‘Dig’ Creator Gideon Raff Talks Filming in Jerusalem, Working with Tim Kring and More
USA Network’s newest series, Dig, premieres in just a few hours, and we know you all are going to love it as much as we do! We’ve had a chance to view the first couple episodes, and we’re really happy that USA Network took a chance on such a different show from their normal lineup.
All week, I’ve been sharing highlights from my interviews with the cast and creators from my set visit in Albuquerque last December. The first night we arrived, we were able to grab a few cocktails with series co-creators and executive producers, Tim Kring and Gideon Raff. Raff, who has done an incredible job with Homeland, sat down with us for an interview on set the following day as well.
Check out our interview with Raff below!
What made you go to Tim with this idea?
Well, I was working at the time on a show called Tyrant, that I’d created and I wanted a partner on Dig. I’ve been a huge fan of Tim. Funny enough, now that I know him and work with him, I’m even a bigger fan of his.
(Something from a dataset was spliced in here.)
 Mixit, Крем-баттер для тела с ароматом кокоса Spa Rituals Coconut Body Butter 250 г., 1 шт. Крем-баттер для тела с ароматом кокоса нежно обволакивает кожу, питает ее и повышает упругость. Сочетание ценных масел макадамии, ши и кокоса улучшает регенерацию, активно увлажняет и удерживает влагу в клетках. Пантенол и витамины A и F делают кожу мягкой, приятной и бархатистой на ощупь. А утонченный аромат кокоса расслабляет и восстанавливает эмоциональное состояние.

I just thought he would be perfect for this, because we tell stories from different points of views and they all converge – and Tim does that brilliantly. I met him, and I met other people too, but the minute I met him it was… we’re so much in sync about how to tell a story and what we like and our sensibilities that it’s really a match made in heaven.
Can you talk about how your personal experience living in Israel informed the series?
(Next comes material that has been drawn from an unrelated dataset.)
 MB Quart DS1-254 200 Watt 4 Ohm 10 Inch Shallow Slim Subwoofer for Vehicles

It informs everything I do but definitely Dig, because it’s an archaeological thriller based in Jerusalem. I was born and raised in Jerusalem, and I am in love with that city. It is a city that means everything to so many people around the world – So many people and they haven’t even been to Jerusalem. The term ‘Jerusalem’ means a lot. We study about it, we learn about it. Whether it’s Sunday school, the synagogue, the mosque, we all have this place that we, in our head, see as Jerusalem. Bringing this project to Israel was really a double treat. One was telling a big story in my hometown, but then also bringing a production to my hometown and being able to employ so many of the industry in Israel, which is a fantastic industry, small, but fantastic.
Is there anything about Jerusalem that you’re excited American audiences will learn?
I’m excited to bring it to the American screen, because they really haven’t seen Jerusalem as Jerusalem nowadays on the screen. We see it in Biblical ways, we see it in conquering Jerusalem or losing Jerusalem to the conqueror, but nowadays Jerusalem is something we only see on the news if something horrible happens. We wanted to bring that tapestry of people and events to the American screen as they really are, so I’m really excited about that.
What can you tease about the Peter and Lynn relationship?
What I love about this relationship is that it’s a grown up relationship. It’s not a TV relationship. It is two people who don’t want to be together, but they find each other in each other’s arm now and then. They’re very good friends, and they work very well together and they sometimes go to bed together, but not in a romantic hope that this will end in marriage. Peter is married, and he’s got a wife that he’s separated from but still married to, and he’s dealing with a very complex relationship there. Lynn is a woman who doesn’t want this damaged man as her man. She just wants to, every now and then, bed him.
It’s two strong people who are both damaged in their own way who don’t want love, but have needs. That gets complex, because as the series progresses, you see things that happen to both of them and they need each other in ways they hoped they wouldn’t.
Dig premieres tonight on USA Network!